**YOUR GOAL**
Every line of the data below is to be duplicated exactly, pictures excepted.

- - - -

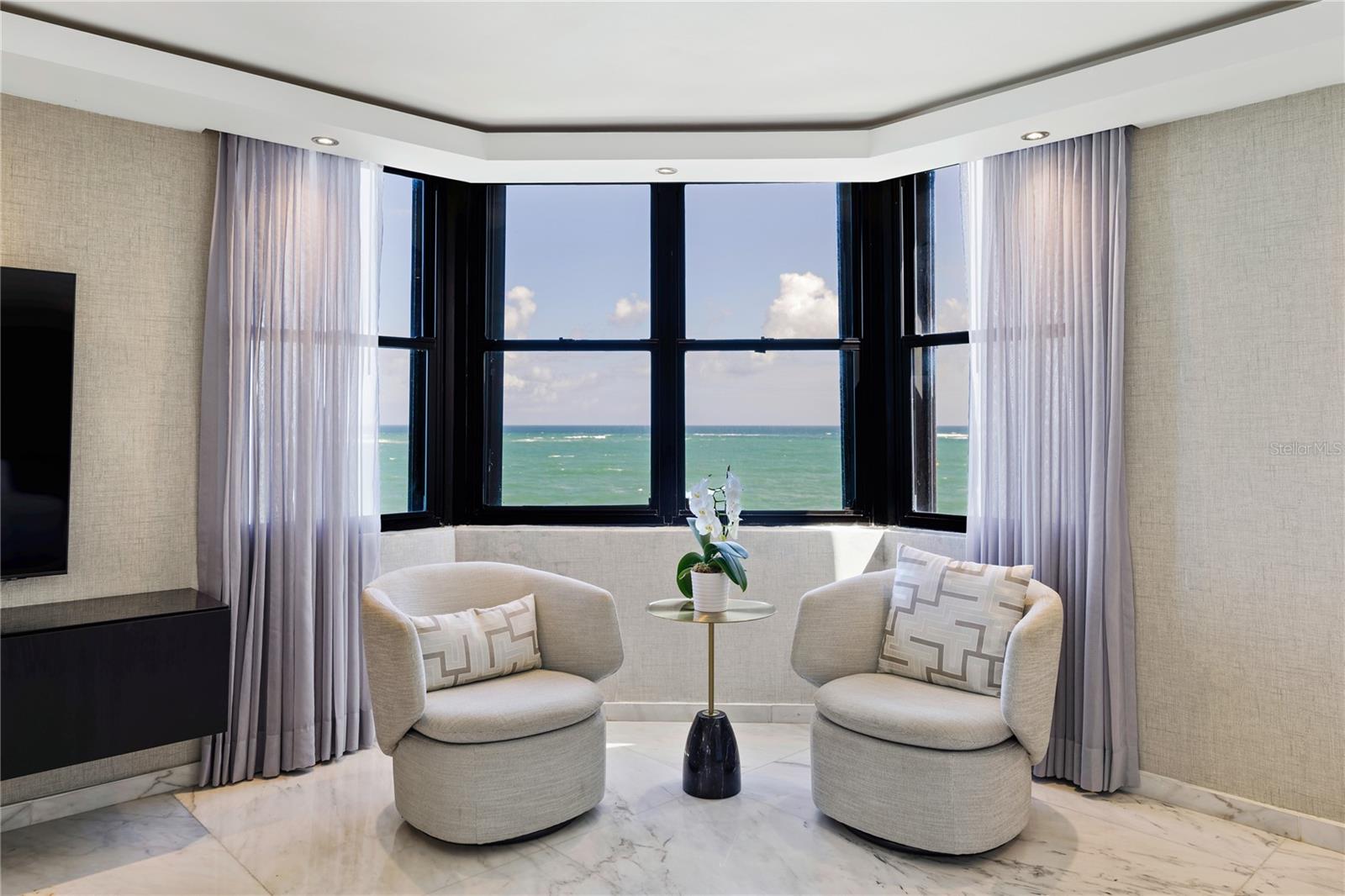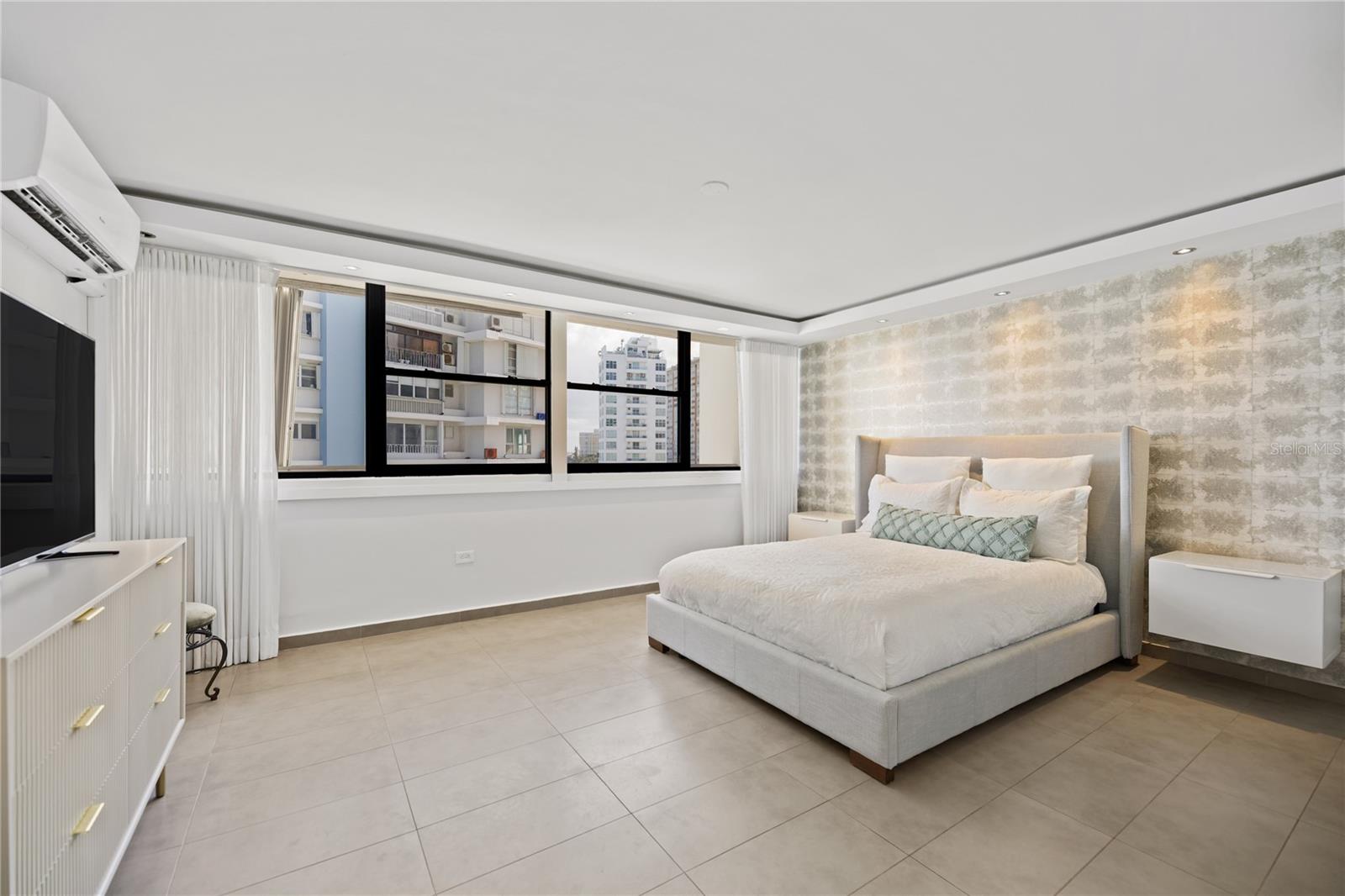 Enjoy the pinnacle of island living in the city within this 6th floor apartment in Condado Princess. Offering enviable panoramic ocean sights from the kitchen, living room and partial views from two of the three bedrooms. Modern furnishings throughout the inviting residence showcase a lively color palette that provides a vibrant ambience for hosting. The galley kitchen highlights the awe-inspiring Atlantic Ocean. Appliances include a stove/oven, microwave, two-door refrigerator and wine cooler. The primary suite features a sizable layout and spacious closet spaces. Two parking spaces are also provided for added comfort and convenience. The 16-story condominium offers residents 24-hour security, full-power generator and a desirable beachfront location within close proximity to parks, boutique shops, restaurants, hotels, hospitals and schools such as St. John's and Robinson. Condado Beach is a highly-esteemed metropolitan community within the island's thriving capital. Near Isla Verde, Old San Juan and the Miramar Arts District.
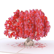 カードを開くと、ハートの花弁が舞う大きな木が飛び出します。開いたままそのまま飾っても素敵。手紙にもサプライズ感をプラスすることができるアイテムです。
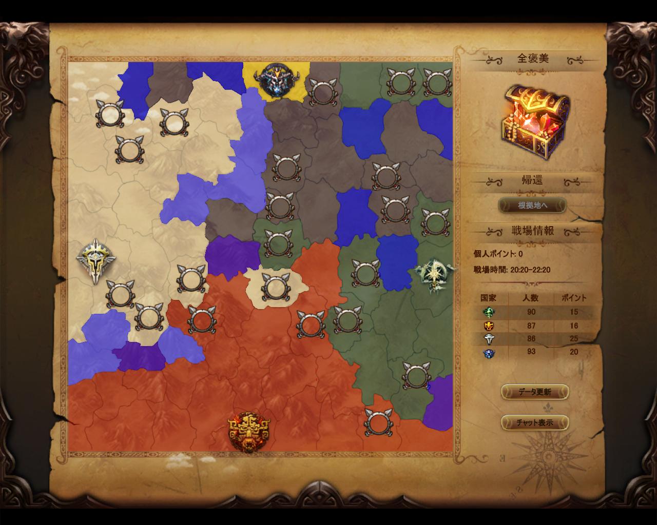 国戦はPVPと旗運搬ゲームが両方楽しめるコンテンツですね。
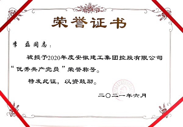 作為一名共產(chǎn)黨員,他處處以黨員的標準嚴格要求自己,聯(lián)系群眾和遵紀守法等各方面都較好的發(fā)揮著(zhù)共產(chǎn)黨員的先鋒模范作用,得到領(lǐng)導和同事們的一致好評,榮獲2020年度“建工集團年度優(yōu)秀共產(chǎn)黨員”稱(chēng)號。
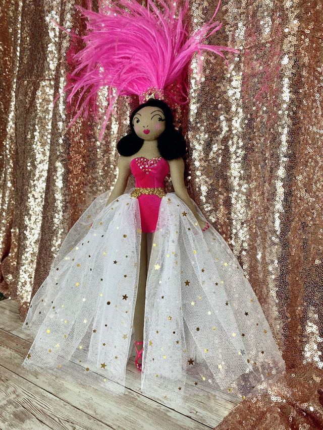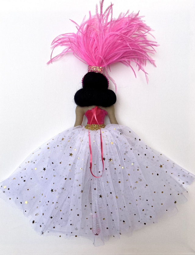 This divinely glamorous showgirl is ready to step onto the stage in her pink ostrich feather headdress. Lola wears a hot pink velvet costume adorned with Swarovski and Preciosa rhinestones and sumptuous gold starred skirts. She has hand-embroidered features and a ‘50s style hairdo in Scottish wool.
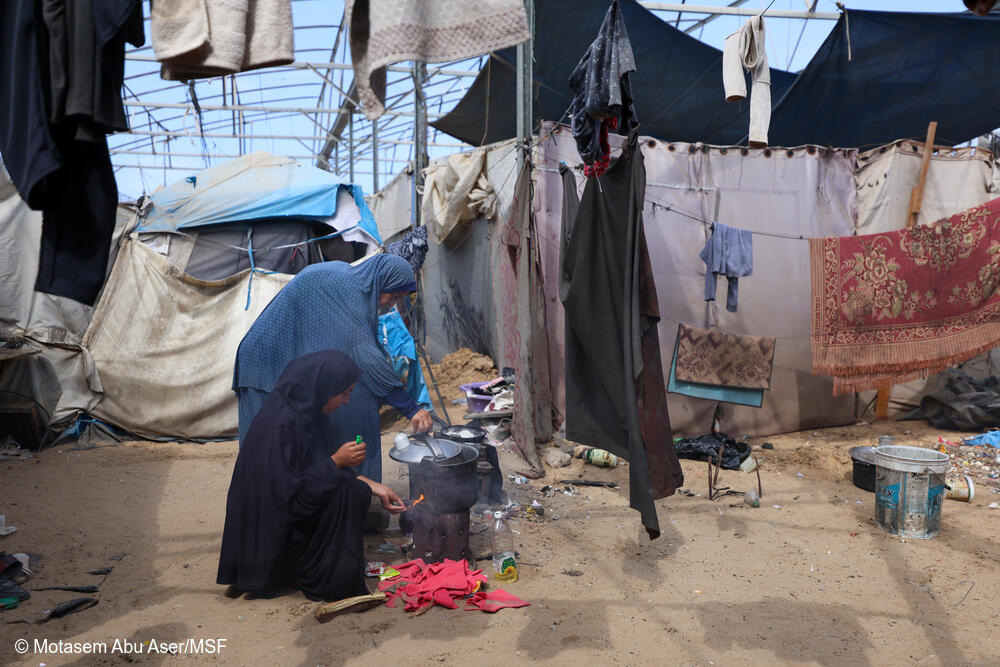 Una madre desplazada y su hija preparan la comida sobre un fuego abierto dentro de su tienda de campaña en Mawasi, Khan Yunis. Con acceso limitado al gas para cocinar o a instalaciones de cocina adecuadas, muchas familias de la superpoblada zona costera se ven obligadas a recurrir a métodos básicos y peligrosos para cocinar.
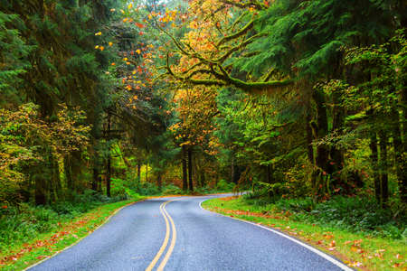 Autumn season in Hoh Rainforest, Olympic National Park, WA, USA. Beautiful unusual natural landscapes
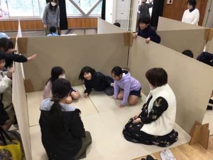PTA研修安全部の研修会を行いました。市役所の防災対策課の方を講師にお招きし、避難所での段ボールの仕切りやベット、トイレの組み立て体験を行いました。組み立て手順を教えていただいて、早速みんなで挑戦しました。出来上がると、早速その中に入ってみました。

- - - -

**EXERCISE OUTPUT**
 Enjoy the pinnacle of island living in the city within this 6th floor apartment in Condado Princess. Offering enviable panoramic ocean sights from the kitchen, living room and partial views from two of the three bedrooms. Modern furnishings throughout the inviting residence showcase a lively color palette that provides a vibrant ambience for hosting. The galley kitchen highlights the awe-inspiring Atlantic Ocean. Appliances include a stove/oven, microwave, two-door refrigerator and wine cooler. The primary suite features a sizable layout and spacious closet spaces. Two parking spaces are also provided for added comfort and convenience. The 16-story condominium offers residents 24-hour security, full-power generator and a desirable beachfront location within close proximity to parks, boutique shops, restaurants, hotels, hospitals and schools such as St. John's and Robinson. Condado Beach is a highly-esteemed metropolitan community within the island's thriving capital. Near Isla Verde, Old San Juan and the Miramar Arts District.
 カードを開くと、ハートの花弁が舞う大きな木が飛び出します。開いたままそのまま飾っても素敵。手紙にもサプライズ感をプラスすることができるアイテムです。
 国戦はPVPと旗運搬ゲームが両方楽しめるコンテンツですね。
 作為一名共產(chǎn)黨員,他處處以黨員的標準嚴格要求自己,聯(lián)系群眾和遵紀守法等各方面都較好的發(fā)揮著(zhù)共產(chǎn)黨員的先鋒模范作用,得到領(lǐng)導和同事們的一致好評,榮獲2020年度“建工集團年度優(yōu)秀共產(chǎn)黨員”稱(chēng)號。
 This divinely glamorous showgirl is ready to step onto the stage in her pink ostrich feather headdress. Lola wears a hot pink velvet costume adorned with Swarovski and Preciosa rhinestones and sumptuous gold starred skirts. She has hand-embroidered features and a ‘50s style hairdo in Scottish wool.
 Una madre desplazada y su hija preparan la comida sobre un fuego abierto dentro de su tienda de campaña en Mawasi, Khan Yunis. Con acceso limitado al gas para cocinar o a instalaciones de cocina adecuadas, muchas familias de la superpoblada zona costera se ven obligadas a recurrir a métodos básicos y peligrosos para cocinar.
 Autumn season in Hoh Rainforest, Olympic National Park, WA, USA. Beautiful unusual natural landscapes
PTA研修安全部の研修会を行いました。市役所の防災対策課の方を講師にお招きし、避難所での段ボールの仕切りやベット、トイレの組み立て体験を行いました。組み立て手順を教えていただいて、早速みんなで挑戦しました。出来上がると、早速その中に入ってみました。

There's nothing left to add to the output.